Seventy-five years of scenic travel along the Merritt Parkway was celebrated with a ceremony full of speeches, retro cars and preservation awards on Friday, Sept. 25.
The ceremony shined light on all of the hard work that has taken place on the parkway over the years and it’s initial purpose of cutting down traffic on the Boston Post Road, even though it can still get congested with traffic on a given day.
James Redeker, DOT Commissioner, delivered the keynote speech for this event and said although he hasn’t been in the department long enough to have an influence on the parkway he was honored to speak in commemoration of 75 years of successful travel.
“When we spend our money on the right things, like the Merritt Parkway and we dedicate ourselves to continuing to preserve the essential character of the roadway and make this way forever. If we do that everywhere and dedicate ourselves to that, frankly investments in transportation will follow,” said Redeker who has been the DOT’s Commissioner for the past 6 years. “Because this kind of a system is what we want, not just on the Merritt, but on every road and on every transit.”
Merritt Parkway Conservancy Chairman Peter Malkin presented the Partnership in Preservation Award for the restoration of the 6 service areas, including the volunteer architects who helped retain the character of the historic brick service centers.
Malkin named Redeker an honorary member of the Conservancy board and presented him with one of the Preservation Awards.
“Since Jim (Redeker) has come on board there has been a new spirit of cooperation and we are working together…” said Malkin. “We are not always the easiest people for the DOT to deal with, but we know what we want and we know what we believe history demands.”
Malkin also presented an award to Paul Landino, Herb Newman who is a member of the Board, David Scott Parker who are all members of the Board of Conservancy.
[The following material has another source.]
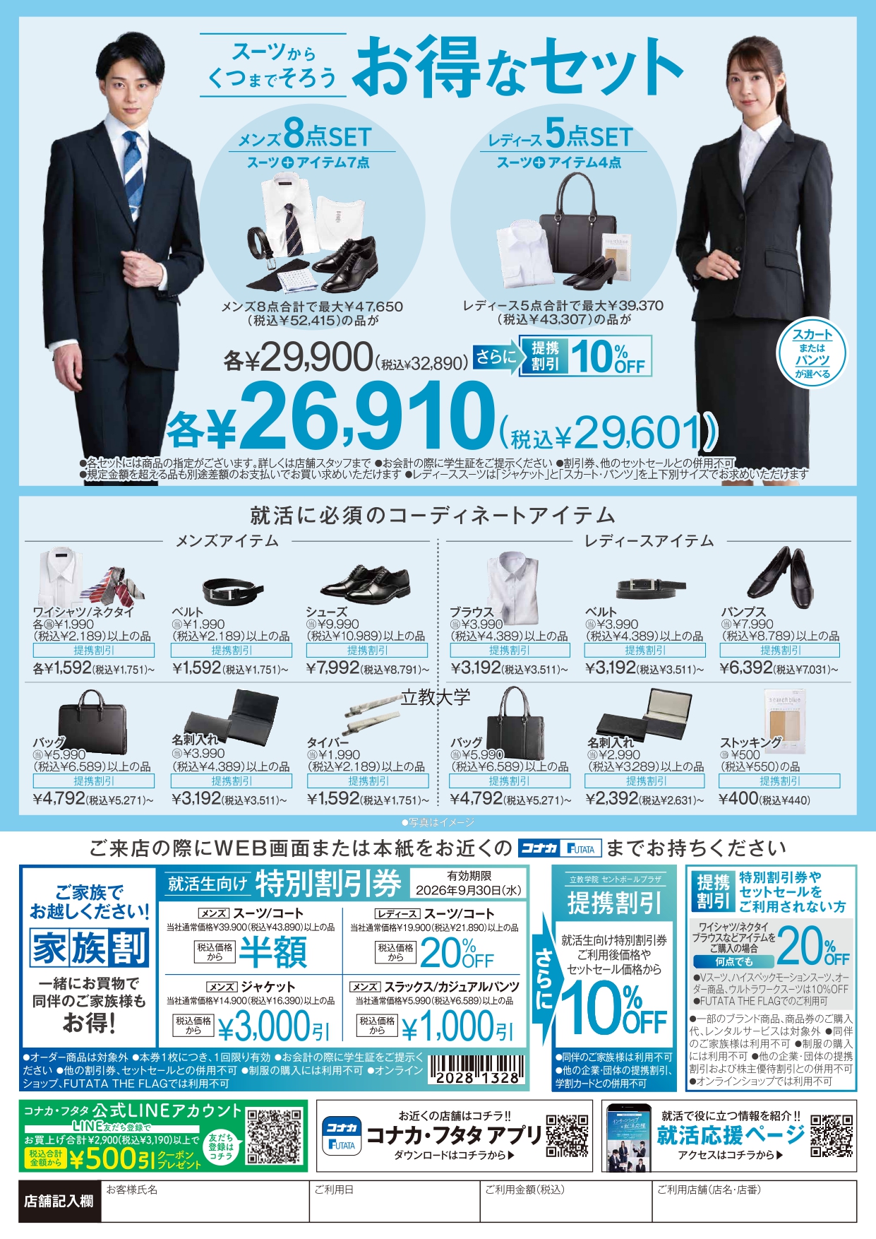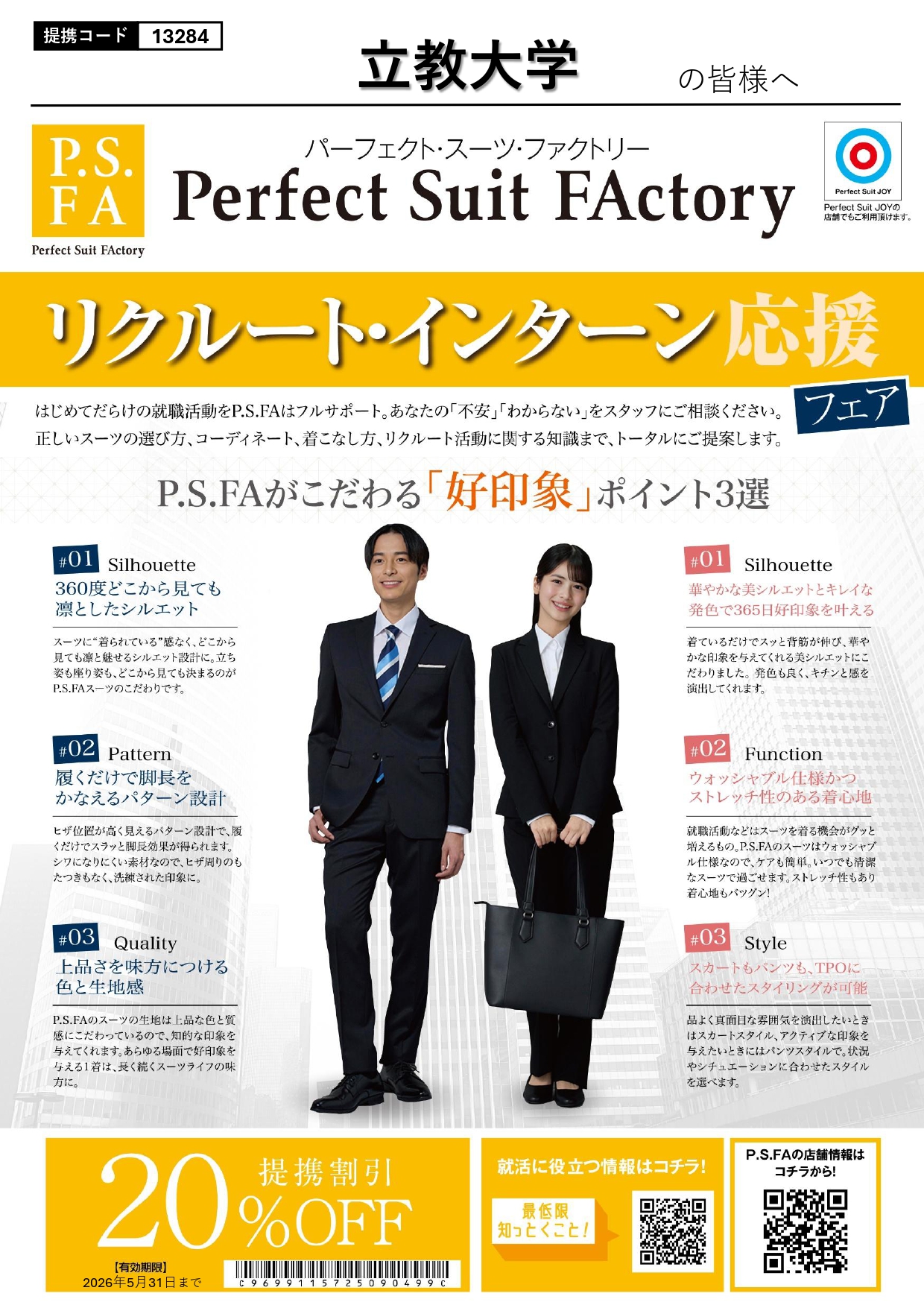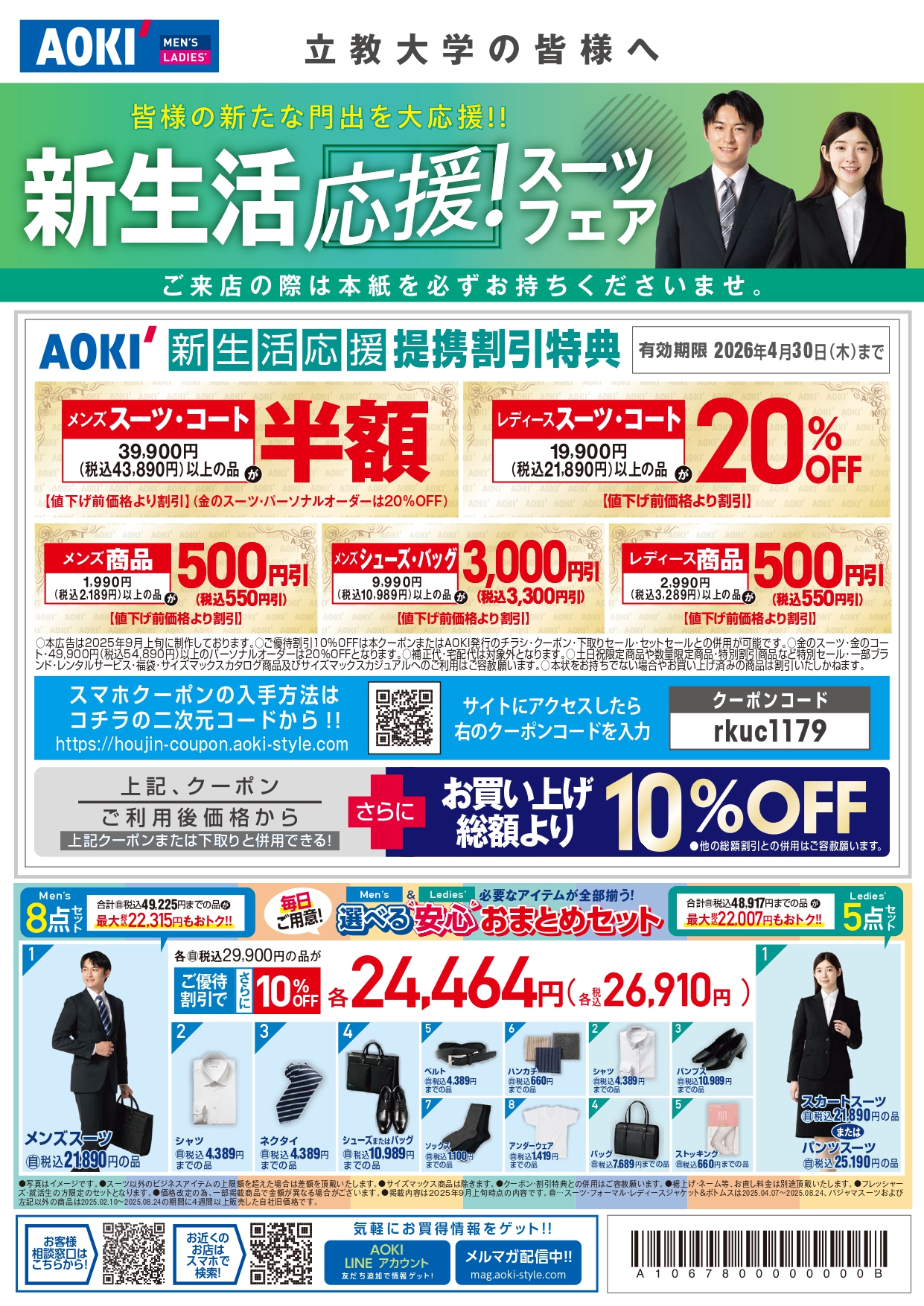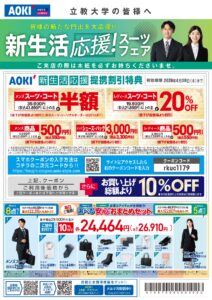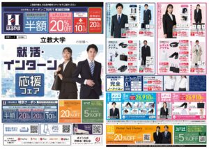 専門の就活アドバイザーが必要なアイテムのアドバイスや、インターン等で使えるフレッシュなスタイルの提案もしてくれます。立教生向けのお得なセットセールも要チェックです。
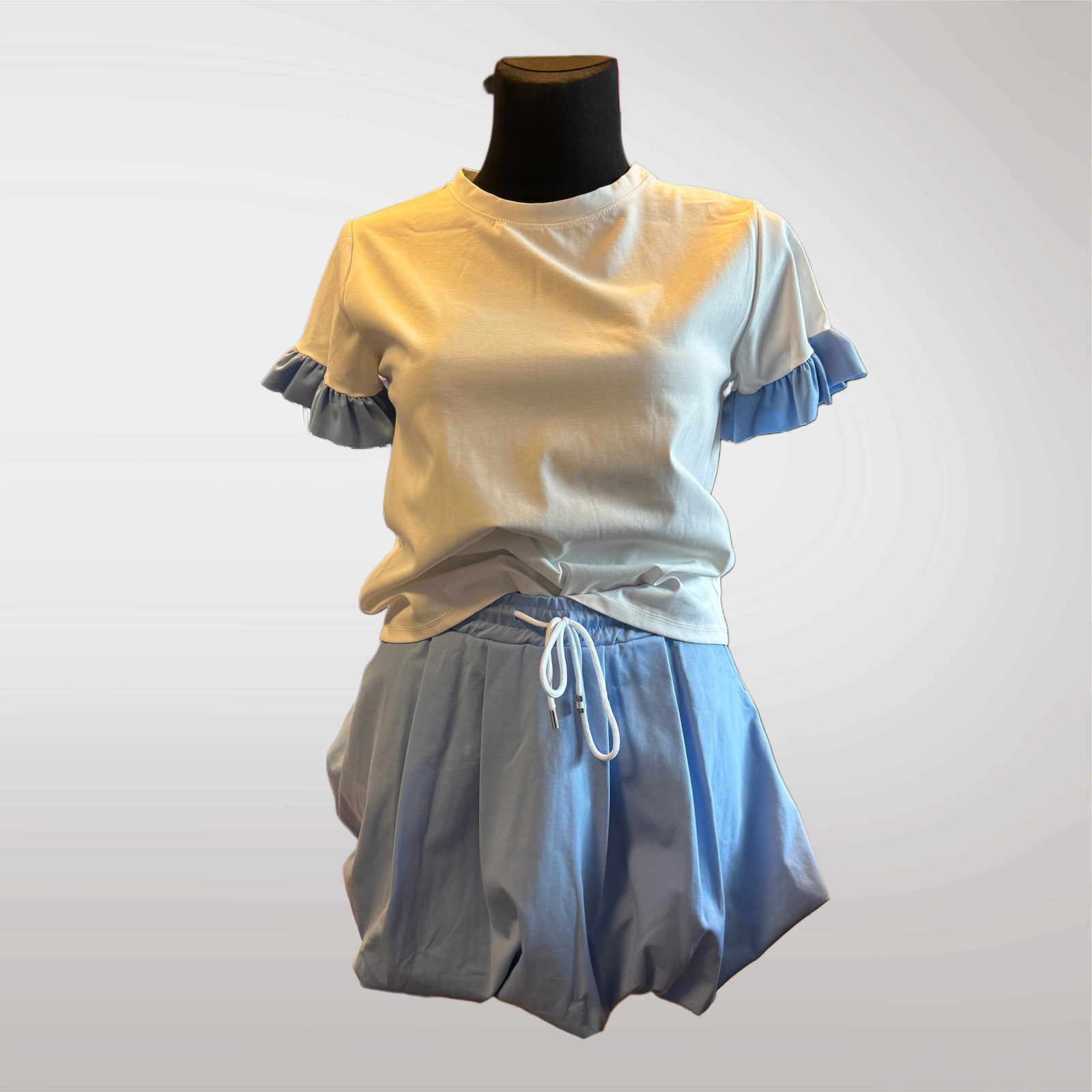 Stylowy komplet składający się z lekkiej koszulki z falbankami na rękawach oraz spódniczki typu bombka z gumką w pasie. Idealny na ciepłe dni – wygodny, przewiewny i kobiecy. Rozmiar uniwersalny – pasuje na różne sylwetki.

Landino said in his acceptance speech that the renovations on the parkway have been a long time coming and a combination of “progress and history” and trying to blend them in a way that works for everyone.
Henry “Buzz” Merritt, the 88-year-old nephew of Schuyler Merritt, the congressman from Stamford for whom the parkway is named, made a surprise speech where he shared an anecdote of driving with his parents along the newly opened road. He described the memory as “a family outing of distinction,” that included him getting to steer the car while sitting on his father’s lap and a roadside picnic following the drive.
The Merritt Parkway Museum was also open to the public for tours after the ceremony wrapped up. The parkway is a National Scenic Byway and is listed in the National Register of Historic Places.